New pollution prevention regulations too vague
Although the new integrated pollution prevention and control (IPPC) regulations are vague in their requirements for the depth of reporting required from companies applying to carry out potentially polluting activities, firms which do not carry out sufficient surveys will leave themselves exposed to future problems, according to an environmental lawyer.
At a joint Environment Agency and Confederation of British Industries (CBI) conference on the new regime, Mark Brumwell, a partner with SJ Berwin & Co, specialising in environmental law, outlined the importance of carrying out adequate site surveys in order for companies to protect themselves against future legal and environmental risks.
The new IPPC regulations are being phased in between 2001 and 2007, starting with the paper and pulp industry at the end of February this year, following a three year preparation period by the Environment Agency, an Agency spokesperson told edie. The new regime will require companies which are intending to carry out potentially polluting activities to compile two site reports, one prior to the activity, and one following it, which will indicate how the site has deteriorated. However, according to Brumwell, the Government’s regulations are vague, leaving the detail and precise scope of the reports to the companies concerned. “How much effort should be devoted to the preparation of a site report?” asks Brumwell. “The answer lies in the site operator’s attitude towards risk, and the potential for cost savings in preparing one report for many purposes.”
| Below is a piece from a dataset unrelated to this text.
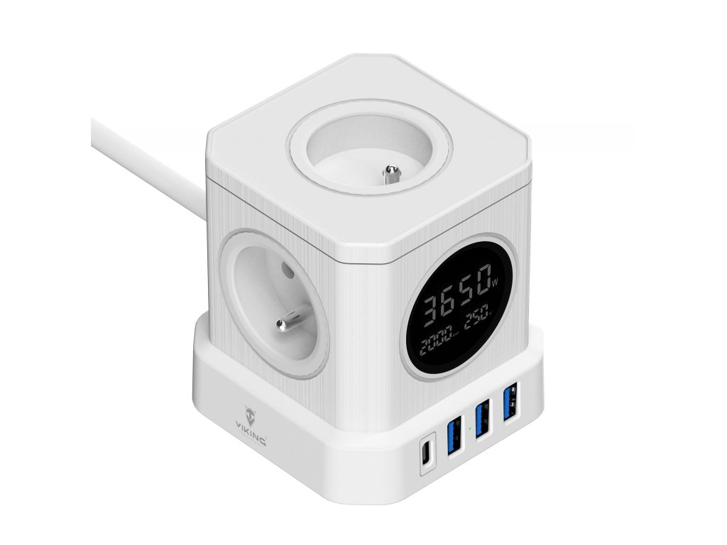 Viking ACT44 spojuje čtyři USB porty (3× USB-A a 1× USB-C), čtyři AC zásuvky a 2metrový prodlužovací kabel do jednoho kompaktního a praktického adaptéru. Umožňuje současně napájet až osm zařízení a zároveň šetří cenné místo na pracovním stole nebo doma.

“The less investigation undertaken and information provided in the initial site report, the greater the risk that a permit holder will be required to clean up contamination caused before the … permit is granted,” explained Brumwell. “A less comprehensive site report is also unlikely to satisfy commercial purchasers and funders and would not be desirable for a company keen to emphasise its ‘green’ credentials.”
The drawback to a thorough preliminary site survey, however, is that un-remediated contamination from previous activities may be identified, which could cause the site to fall under the much tighter controls of the contaminated land regime of the 1990 Environmental Protection Act, said Brumwell. However, a ‘better-not-to-know’ approach to the problem is unlikely to protect a site operator from future liability due to the probability of such high levels of contamination being discovered by a third party, as well as being ethically unacceptable. “Turning the Nelsonian blind eye to a foreseeable pollution risk is a dangerous practice and is unlikely to provide long term protection against liability,” he said.
Henry Derwent, Director of Environment and Risks at the DETR, emphasised the importance of industry for the infrastructure of the UK, but pointed out that it is important to ensure that their activities are sustainable. “While we have no intention to impose excessive costs on industry and lumber them with a regulatory mess, we will not tolerate gross polluters,” he said.
The new regime will promote consistency and clarity of regulation, for the regulator, industry and the public, said Derwent, also emphasising other advantages of the scheme, such as its provision to take account of noise pollution, waste minimisation, and could significantly cut carbon dioxide emissions. “It will also represent a significant step towards our goal of a single integrated pollution control regime covering all waste management operations, as announced in the new waste strategy,” he said.
“This process has been a good example of effective dialogue between Government, industry and other stakeholders,” said Derwent. “I look forward to seeing this spirit of constructive co-operation continuing through to its implementation.”